__RECORD EXTRACTS__
---*---

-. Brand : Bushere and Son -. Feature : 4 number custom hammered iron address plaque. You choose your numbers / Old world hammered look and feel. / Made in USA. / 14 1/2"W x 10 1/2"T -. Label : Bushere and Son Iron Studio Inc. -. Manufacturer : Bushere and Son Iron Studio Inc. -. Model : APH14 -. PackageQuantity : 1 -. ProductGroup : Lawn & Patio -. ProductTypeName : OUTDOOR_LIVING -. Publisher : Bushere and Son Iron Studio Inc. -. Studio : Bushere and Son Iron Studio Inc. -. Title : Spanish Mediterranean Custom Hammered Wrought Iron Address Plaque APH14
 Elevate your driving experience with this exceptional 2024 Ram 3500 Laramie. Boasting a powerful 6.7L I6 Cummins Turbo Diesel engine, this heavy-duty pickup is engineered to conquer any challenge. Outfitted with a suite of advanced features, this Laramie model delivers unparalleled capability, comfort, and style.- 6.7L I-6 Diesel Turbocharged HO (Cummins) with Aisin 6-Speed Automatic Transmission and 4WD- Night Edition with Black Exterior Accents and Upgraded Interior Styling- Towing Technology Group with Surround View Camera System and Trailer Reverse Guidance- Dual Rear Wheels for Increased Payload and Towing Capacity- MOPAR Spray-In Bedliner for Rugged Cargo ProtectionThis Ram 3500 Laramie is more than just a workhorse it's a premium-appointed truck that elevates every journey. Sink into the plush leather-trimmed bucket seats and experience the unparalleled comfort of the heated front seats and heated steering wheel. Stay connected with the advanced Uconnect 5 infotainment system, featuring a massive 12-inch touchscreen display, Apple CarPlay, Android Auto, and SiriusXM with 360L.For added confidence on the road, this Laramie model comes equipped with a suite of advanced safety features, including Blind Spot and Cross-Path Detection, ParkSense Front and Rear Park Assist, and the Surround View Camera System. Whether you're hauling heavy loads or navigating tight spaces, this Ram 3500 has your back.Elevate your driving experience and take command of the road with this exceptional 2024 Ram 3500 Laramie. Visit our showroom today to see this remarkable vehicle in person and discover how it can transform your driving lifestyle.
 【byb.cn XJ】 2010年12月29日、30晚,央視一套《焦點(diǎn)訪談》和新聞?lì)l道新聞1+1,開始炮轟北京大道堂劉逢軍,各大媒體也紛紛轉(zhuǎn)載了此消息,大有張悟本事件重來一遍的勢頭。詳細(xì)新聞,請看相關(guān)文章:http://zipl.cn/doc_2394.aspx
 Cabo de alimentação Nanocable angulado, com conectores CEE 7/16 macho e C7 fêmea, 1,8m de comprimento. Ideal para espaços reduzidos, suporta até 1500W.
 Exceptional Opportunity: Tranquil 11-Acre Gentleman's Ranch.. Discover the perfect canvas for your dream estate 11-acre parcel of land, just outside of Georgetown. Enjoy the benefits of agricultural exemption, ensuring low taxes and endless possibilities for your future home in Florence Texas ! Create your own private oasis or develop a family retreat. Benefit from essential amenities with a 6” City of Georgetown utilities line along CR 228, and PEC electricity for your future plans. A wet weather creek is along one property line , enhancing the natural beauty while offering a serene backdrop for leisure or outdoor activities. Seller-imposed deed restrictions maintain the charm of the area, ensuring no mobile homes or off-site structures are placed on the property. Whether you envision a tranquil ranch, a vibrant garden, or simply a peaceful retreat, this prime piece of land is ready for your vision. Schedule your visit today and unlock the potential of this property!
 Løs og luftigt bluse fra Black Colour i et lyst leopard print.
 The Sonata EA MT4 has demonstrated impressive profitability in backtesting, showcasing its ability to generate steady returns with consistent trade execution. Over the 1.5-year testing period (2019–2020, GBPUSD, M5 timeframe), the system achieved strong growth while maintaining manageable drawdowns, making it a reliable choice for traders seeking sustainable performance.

---*---

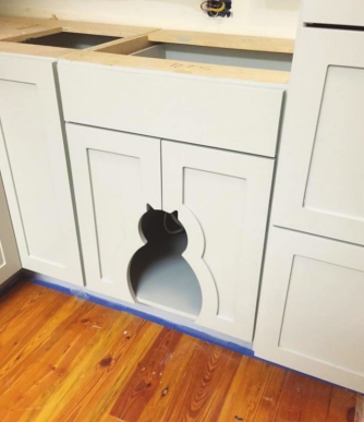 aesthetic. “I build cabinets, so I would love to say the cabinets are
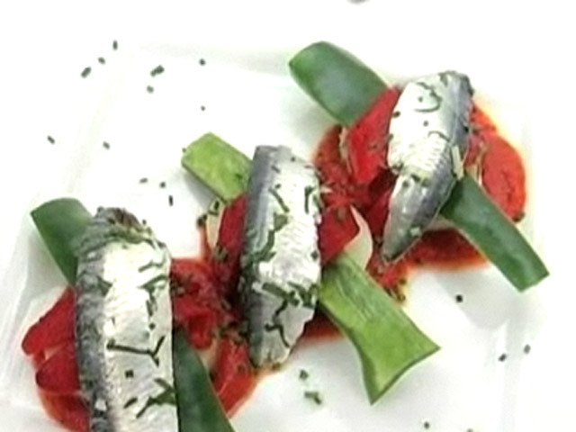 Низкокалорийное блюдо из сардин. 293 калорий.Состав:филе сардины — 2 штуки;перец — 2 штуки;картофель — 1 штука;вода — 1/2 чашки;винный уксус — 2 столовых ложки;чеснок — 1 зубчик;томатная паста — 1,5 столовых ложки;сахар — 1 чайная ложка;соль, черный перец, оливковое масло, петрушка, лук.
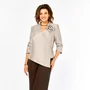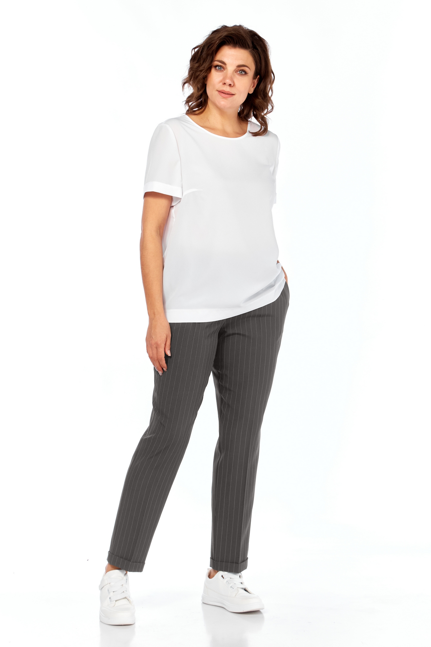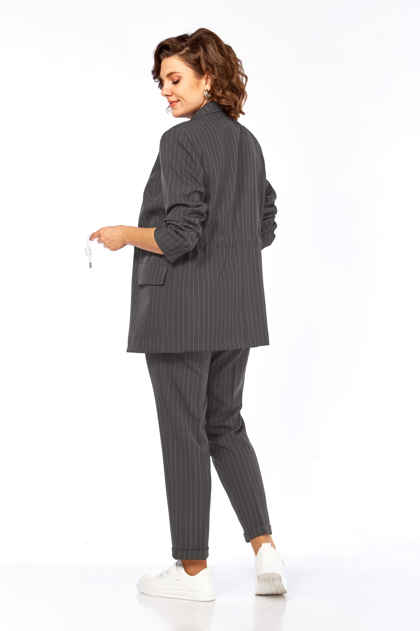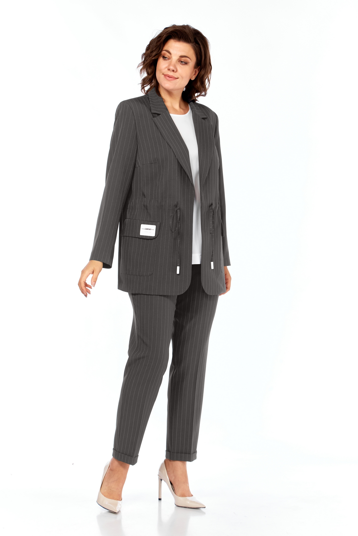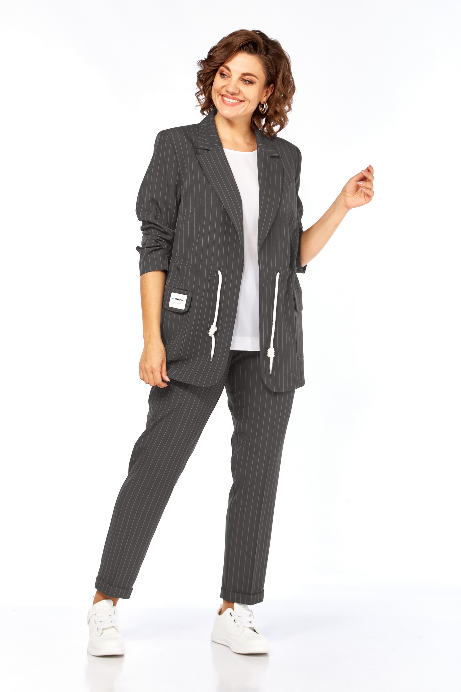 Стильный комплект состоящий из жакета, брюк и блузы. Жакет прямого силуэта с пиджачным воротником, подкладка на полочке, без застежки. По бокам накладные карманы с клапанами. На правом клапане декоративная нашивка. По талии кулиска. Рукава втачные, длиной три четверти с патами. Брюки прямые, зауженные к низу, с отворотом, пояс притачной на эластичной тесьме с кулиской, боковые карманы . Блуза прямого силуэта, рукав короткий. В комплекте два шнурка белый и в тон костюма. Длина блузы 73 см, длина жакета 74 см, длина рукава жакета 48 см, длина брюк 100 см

---*---

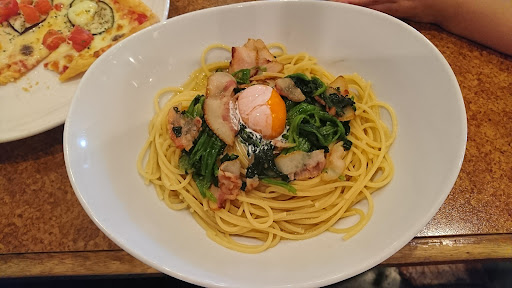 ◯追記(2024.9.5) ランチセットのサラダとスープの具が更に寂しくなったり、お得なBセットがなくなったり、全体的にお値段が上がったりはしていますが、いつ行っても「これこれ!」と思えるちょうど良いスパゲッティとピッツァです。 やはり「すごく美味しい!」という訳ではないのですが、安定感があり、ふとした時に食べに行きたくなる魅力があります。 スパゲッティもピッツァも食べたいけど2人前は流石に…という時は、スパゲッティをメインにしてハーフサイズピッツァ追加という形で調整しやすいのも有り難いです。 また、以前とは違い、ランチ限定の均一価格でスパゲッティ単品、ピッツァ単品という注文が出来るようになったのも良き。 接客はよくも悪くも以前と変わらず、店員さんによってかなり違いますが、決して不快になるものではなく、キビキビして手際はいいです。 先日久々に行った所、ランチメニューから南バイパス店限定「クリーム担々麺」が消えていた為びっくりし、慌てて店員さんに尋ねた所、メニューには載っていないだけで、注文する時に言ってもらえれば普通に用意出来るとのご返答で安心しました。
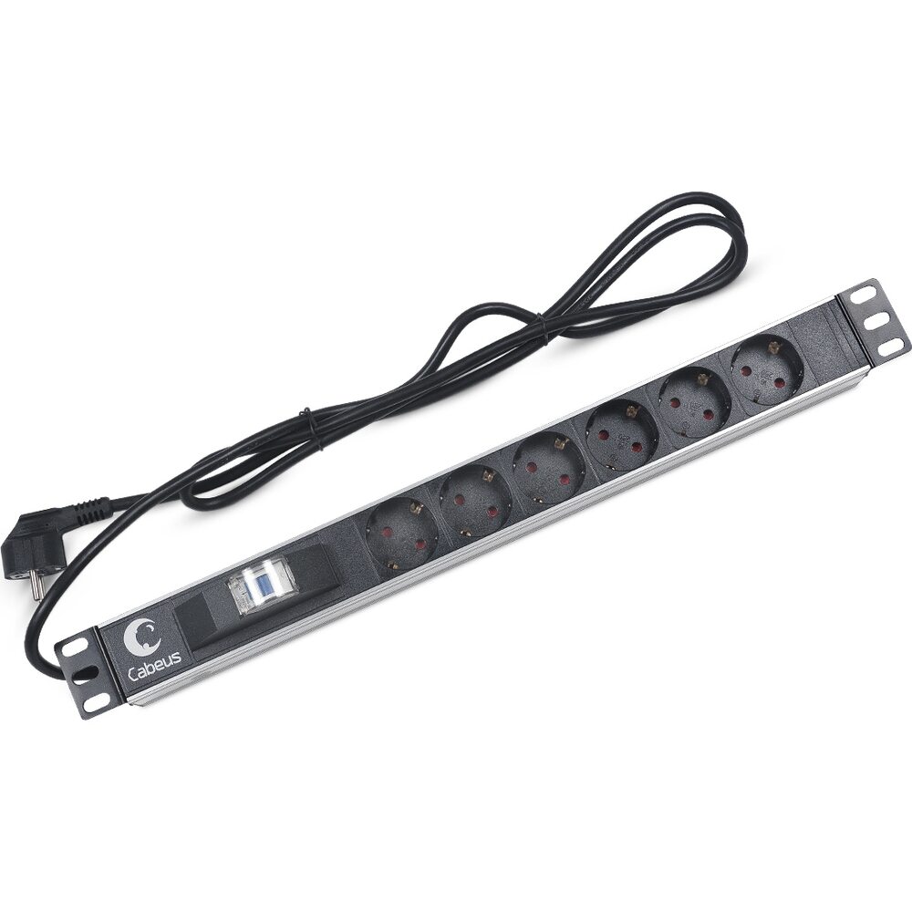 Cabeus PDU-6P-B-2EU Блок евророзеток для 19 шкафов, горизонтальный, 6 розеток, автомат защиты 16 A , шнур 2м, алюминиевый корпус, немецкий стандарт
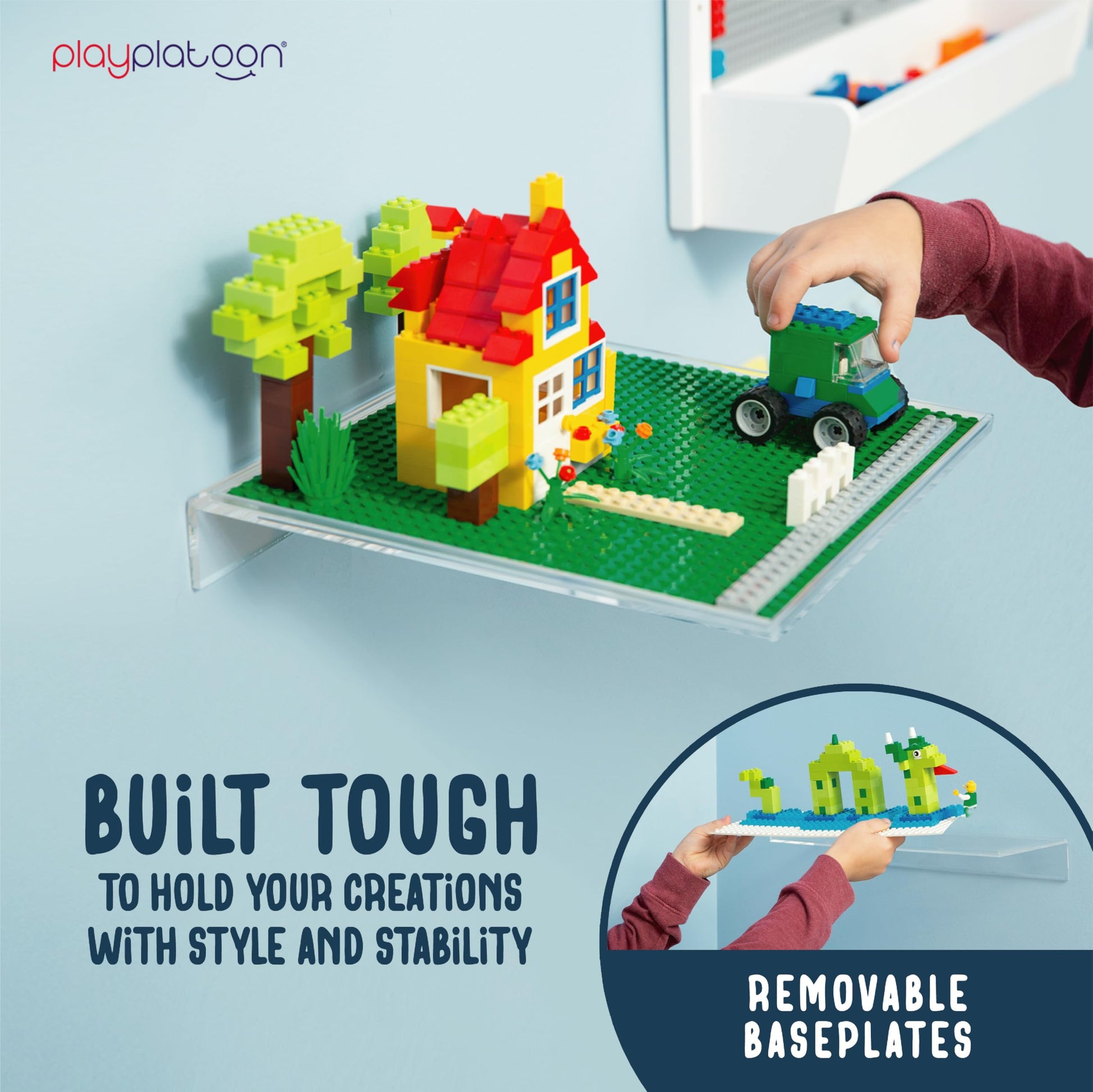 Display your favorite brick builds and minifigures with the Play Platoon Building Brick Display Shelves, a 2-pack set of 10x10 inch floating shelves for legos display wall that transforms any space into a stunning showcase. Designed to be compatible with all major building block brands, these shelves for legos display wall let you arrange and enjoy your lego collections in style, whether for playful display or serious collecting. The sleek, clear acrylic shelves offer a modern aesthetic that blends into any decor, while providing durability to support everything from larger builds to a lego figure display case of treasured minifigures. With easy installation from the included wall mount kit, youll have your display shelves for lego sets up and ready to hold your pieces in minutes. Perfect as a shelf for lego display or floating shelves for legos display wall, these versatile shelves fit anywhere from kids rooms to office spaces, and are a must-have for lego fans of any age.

---*---

__ACTIVITY__
Scan the records above for the lines holding "Elevate your driving experience with" and "Cabo de alimentação". Transcribe those two and every line between them word for word, and no others.

__TASK SOLUTION__
 Elevate your driving experience with this exceptional 2024 Ram 3500 Laramie. Boasting a powerful 6.7L I6 Cummins Turbo Diesel engine, this heavy-duty pickup is engineered to conquer any challenge. Outfitted with a suite of advanced features, this Laramie model delivers unparalleled capability, comfort, and style.- 6.7L I-6 Diesel Turbocharged HO (Cummins) with Aisin 6-Speed Automatic Transmission and 4WD- Night Edition with Black Exterior Accents and Upgraded Interior Styling- Towing Technology Group with Surround View Camera System and Trailer Reverse Guidance- Dual Rear Wheels for Increased Payload and Towing Capacity- MOPAR Spray-In Bedliner for Rugged Cargo ProtectionThis Ram 3500 Laramie is more than just a workhorse it's a premium-appointed truck that elevates every journey. Sink into the plush leather-trimmed bucket seats and experience the unparalleled comfort of the heated front seats and heated steering wheel. Stay connected with the advanced Uconnect 5 infotainment system, featuring a massive 12-inch touchscreen display, Apple CarPlay, Android Auto, and SiriusXM with 360L.For added confidence on the road, this Laramie model comes equipped with a suite of advanced safety features, including Blind Spot and Cross-Path Detection, ParkSense Front and Rear Park Assist, and the Surround View Camera System. Whether you're hauling heavy loads or navigating tight spaces, this Ram 3500 has your back.Elevate your driving experience and take command of the road with this exceptional 2024 Ram 3500 Laramie. Visit our showroom today to see this remarkable vehicle in person and discover how it can transform your driving lifestyle.
 【byb.cn XJ】 2010年12月29日、30晚,央視一套《焦點(diǎn)訪談》和新聞?lì)l道新聞1+1,開始炮轟北京大道堂劉逢軍,各大媒體也紛紛轉(zhuǎn)載了此消息,大有張悟本事件重來一遍的勢頭。詳細(xì)新聞,請看相關(guān)文章:http://zipl.cn/doc_2394.aspx
 Cabo de alimentação Nanocable angulado, com conectores CEE 7/16 macho e C7 fêmea, 1,8m de comprimento. Ideal para espaços reduzidos, suporta até 1500W.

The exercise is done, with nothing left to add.